So, without any reason to suspect that my secret plan (known only to me) to have my hypothetical adaptation of Neverwhere get produced at Lifeline would, in a million years, actually, possibly, maybe, ever happen… I got right to work on my script. I had no idea if rights were available. I had no serious hope that anyone would actually produce it. But that didn’t really matter to me. I was feeling wildly optimistic. Not even a beating from Mr. Vandemar could have stopped me.

I finished my first draft and sent it off to some close friends who were willing to give me feedback and help me wrap my head around what I’d gotten myself into. Several months later, draft two was read aloud by a circle of friends, and I got more valuable feedback. Rinse and repeat with draft three. I’m so indebted to those friends of nearly a decade ago (circa 2001) who helped to nurture this project even when it didn’t have a hope of ever getting produced (except in my mind). Some of those friends have since moved away from Chicago, but their influence is still felt by me every time I pore through the script. (Thanks to Chris, John, Dan, Gail, Cath, Tom, Matt, Mark, Mark, Elise, and everyone I’m forgetting.)

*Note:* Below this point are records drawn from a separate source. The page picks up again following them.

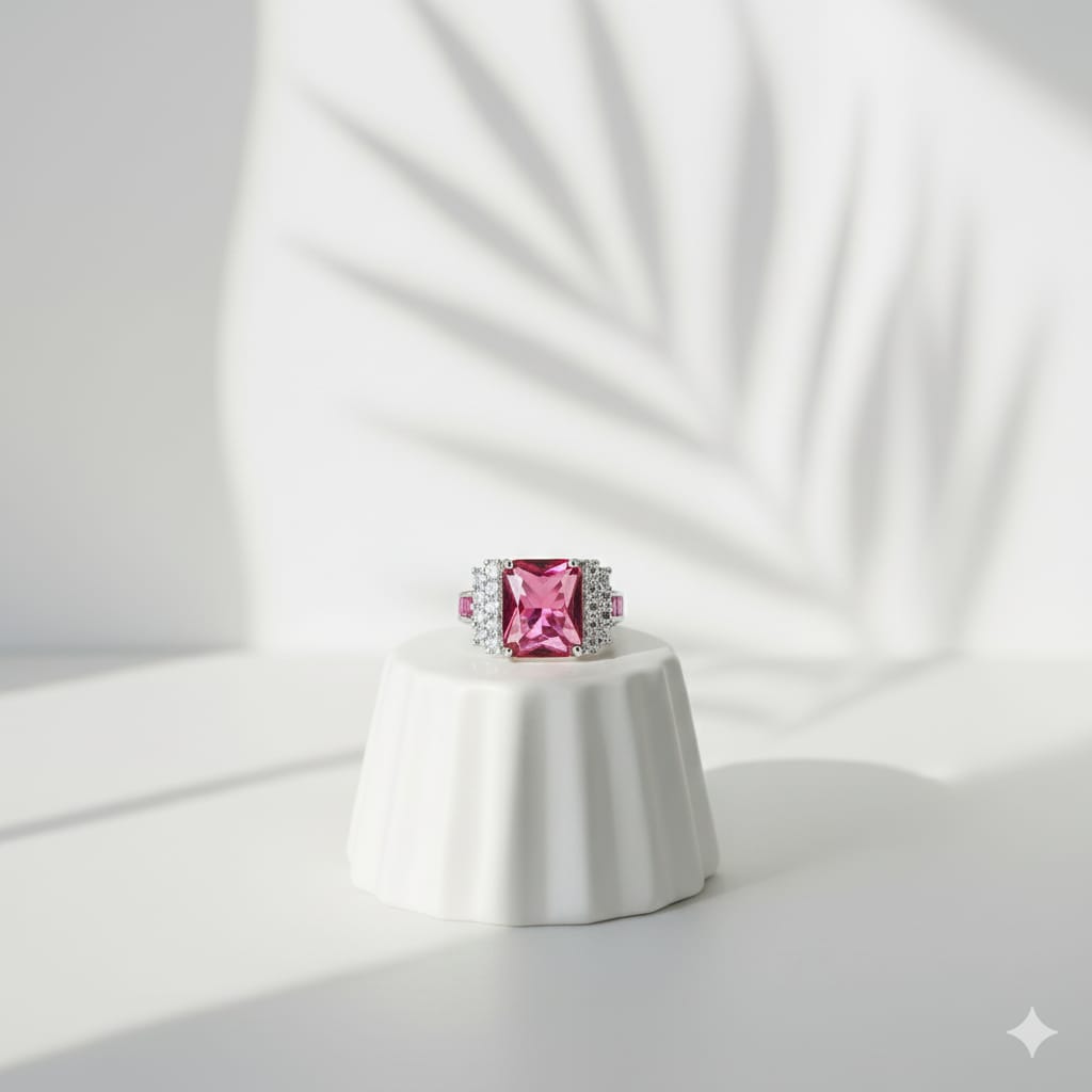 Turn heads with this stunning sterling silver ring, featuring a bold princess-cut pink gemstone at its center. Surrounded by shimmering accent stones, this ring combines glamour with elegance, making it perfect for both daily wear and special occasions.
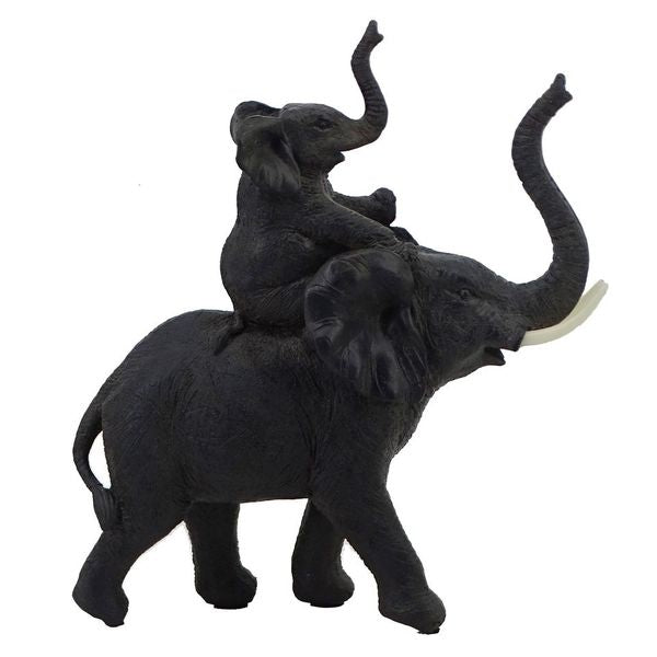 Savanna Resin Black Elephant Carrying Child
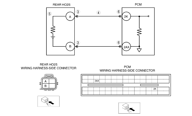 • Measure the voltage between rear HO2S terminal A (wiring harness-side) and body GND.
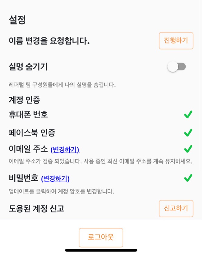파이 가입 후 14일 지나신 분은 아래와 같이 이름이 정상적으로 등록되어 있는지 확인하세요.
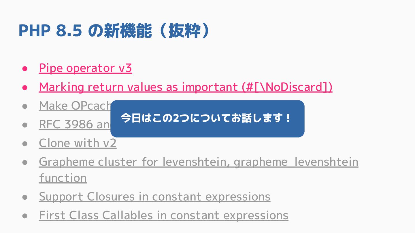 values as important (#[\NoDiscard]) • Make OPcache a non-optional part of PHP • RFC 3986 and WHATWG URL compliant API • Clone with v2 • Grapheme cluster for levenshtein, grapheme_levenshtein function • Support Closures in constant expressions • First Class Callables in constant expressions 今日はこの2つについてお話します!
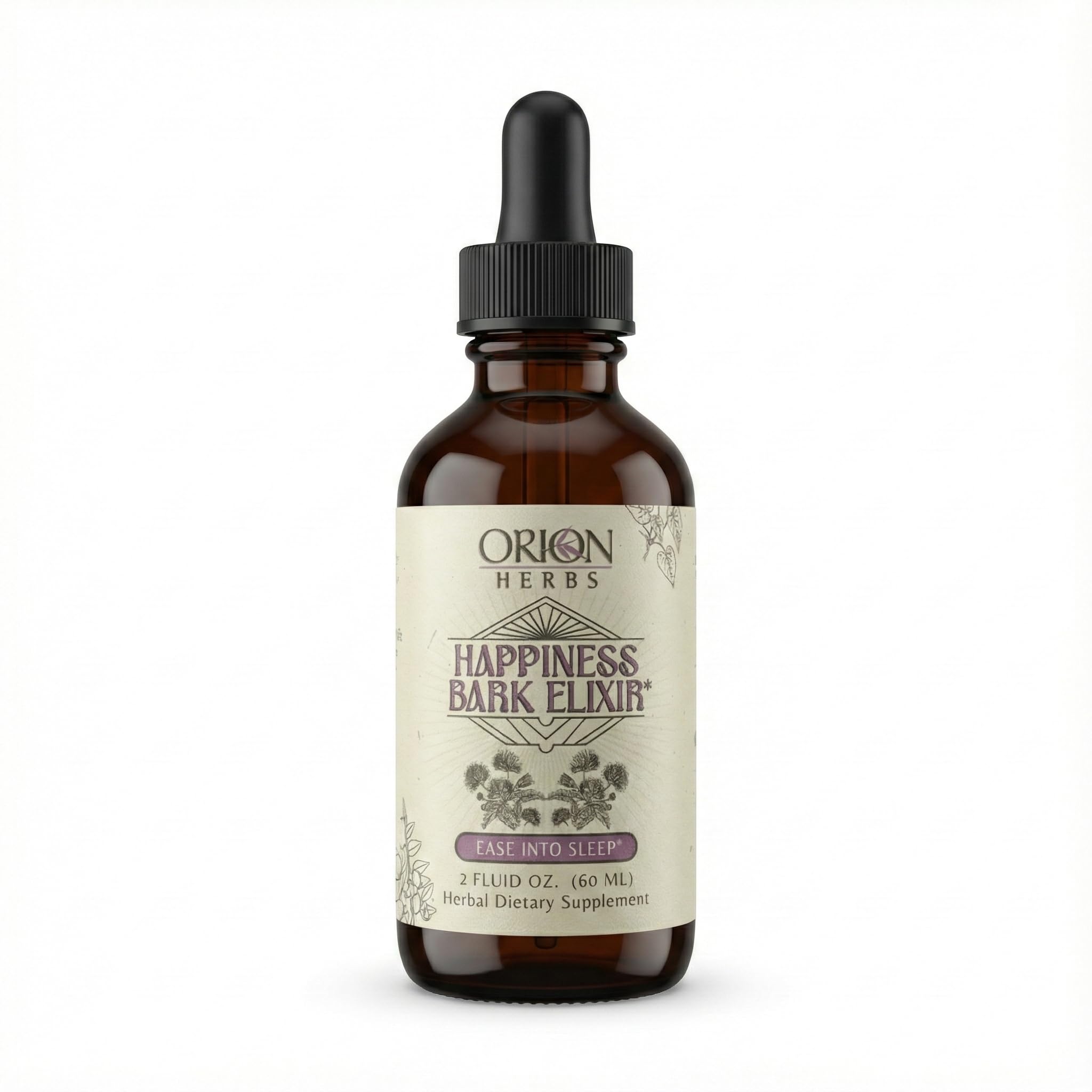 ORION HERBS Happiness Bark Elixir - Nighttime Calm Emotional Balance & Sleep Support with Albizia Zizyphus & Curcuma - Sleep Supplement Liquid Drops - Herbal Relaxation Drops USA Made (2oz)

Then I sent the script around to some director friends, and some companies I had closer relationships with at the time. The feedback was positive, but I heard a lot of, “This is cool, but seems a bit impossible. Good luck getting it produced!” Heartache ensued. The script idled on my computer as I turned my attention to other projects for a while.

In 2002, I attended one of Mr. Gaiman’s readings on the American Gods tour and was blown away by the sheer awesomeness of the experience (if you haven’t seen him read his own work yet, DO SO). I got my book signed, shook his hand, chatted with him ever-so-briefly, and wondered if my dream of adapting Neverwhere would ever happen.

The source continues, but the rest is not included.